KwaZulu was a semi-independent Bantustan in South Africa, created on 09 June 1970 as Zulu Territorial Authority, intended by the apartheid government as a homeland for the Zulu people. The capital was moved from Nongoma to Ulundi in 1980.

It was led until its abolition in 1994 by Chief Mangosuthu Buthelezi and head of Inkatha, who implemented the limited self-governing powers decided by the South African government as part of apartheid, but rejected the nominal independence which four other homelands accepted, complaining about the fragmented nature of the state, and the inability of the apartheid government to consolidate a viable and contiguous territory for KwaZulu, in the face of stiff resistance from whites. F. W. de Klerk later commented in an interview that he believed that Buthelezi would have accepted independence had his homeland been given the port of Richards Bay, a proposal that failed due to the white population's resistance to the idea.

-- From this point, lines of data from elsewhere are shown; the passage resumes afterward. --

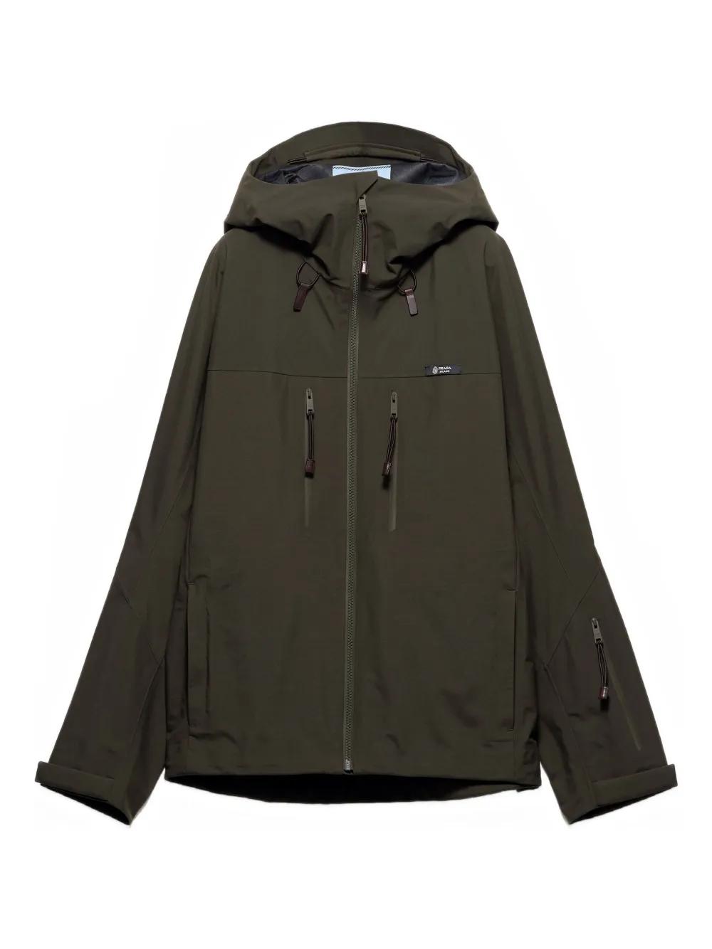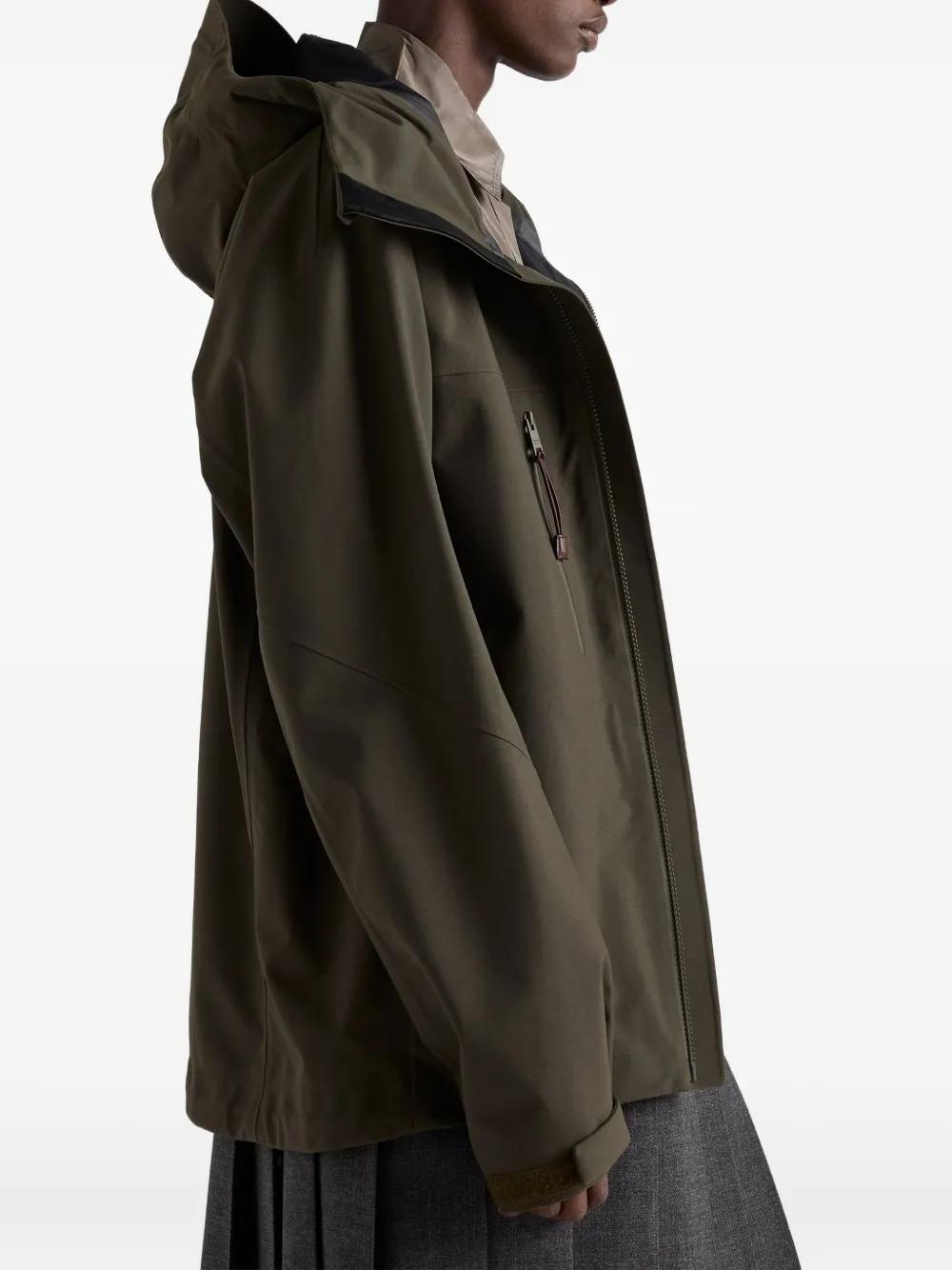 green hood logo label waxed zipper closure waxed zipper pockets hook-and-loop strap cuffs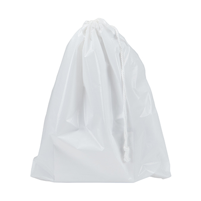 Reusable bags have single drawstring closure. Bottom gusset expands to fit bulky items.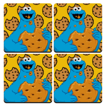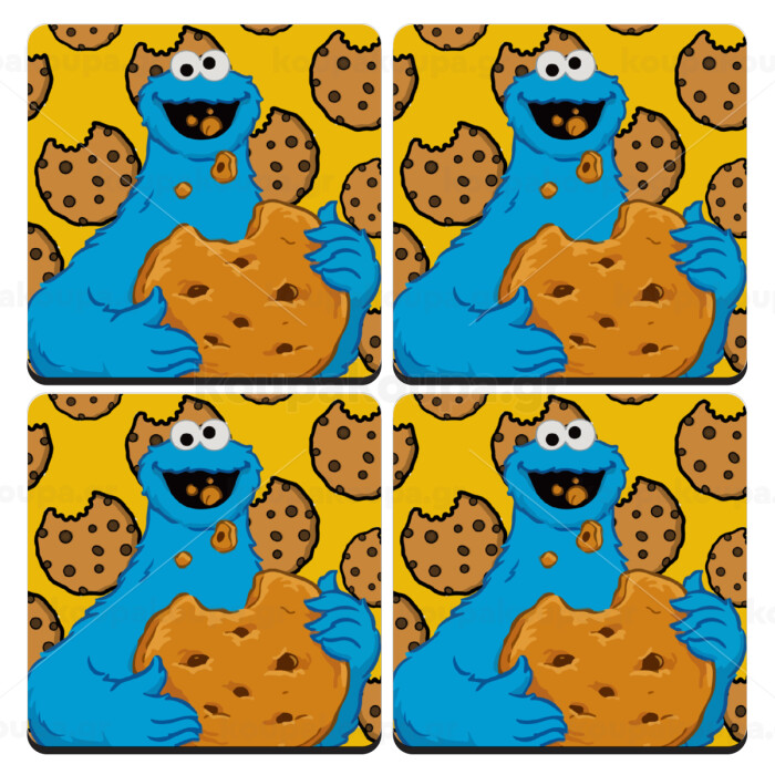 Cookie Monster, ΣΕΤ 4 Σουβέρ ξύλινα τετράγωνα (9cm)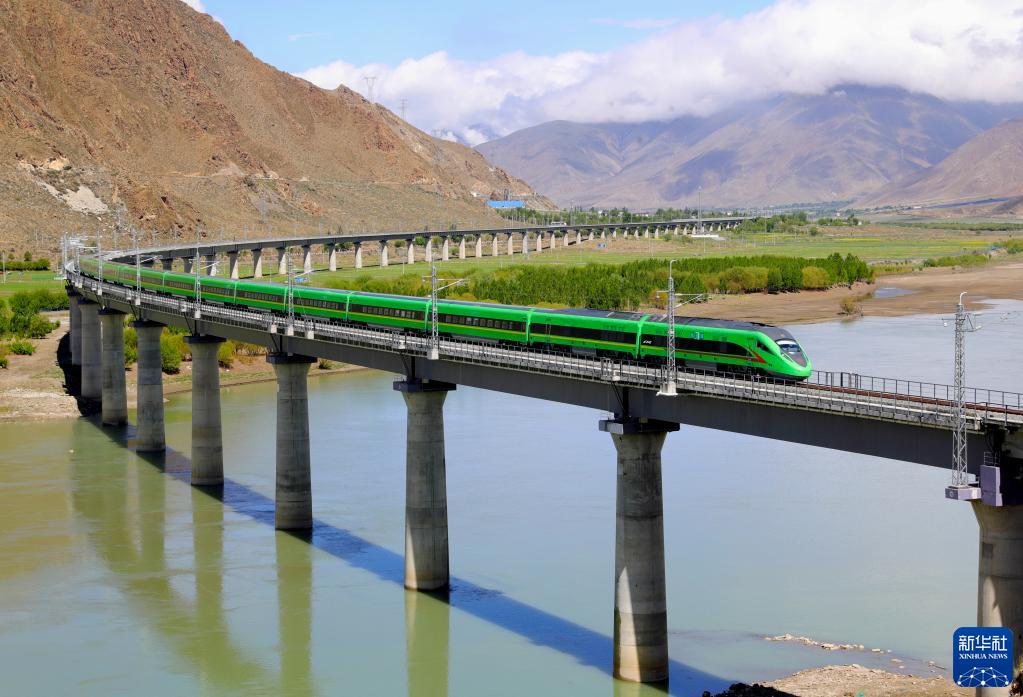试运行的复兴号列车行驶在西藏山南市桑日县境内(2021年6月8日摄)。新华社记者 普布扎西 摄

An attempt to transfer parts of the homeland, along with parts of the Swazi homeland KaNgwane, to the neighbouring country of Swaziland (now Eswatini) in 1982 was never realized. This would have given land-locked Swaziland access to the sea. The deal was negotiated by the governments of South Africa and Swaziland, but was met by popular opposition in the territory meant to be transferred. The territory had been claimed by King Sobhuza of Swaziland as part of the Swazi monarchs' traditional realm, and the South African government hoped to use the homeland as a buffer zone against guerrilla infiltration from Mozambique. South Africa responded to the failure of the transfer by temporarily suspending the autonomy of KaNgwane, then restoring it in December 1982 and granting it nominal self-rule in 1984.

KwaZulu was merged with the surrounding South African province of Natal to form the new province of KwaZulu-Natal.

The name kwaZulu translates roughly as Place of Zulus, or more formally Zululand.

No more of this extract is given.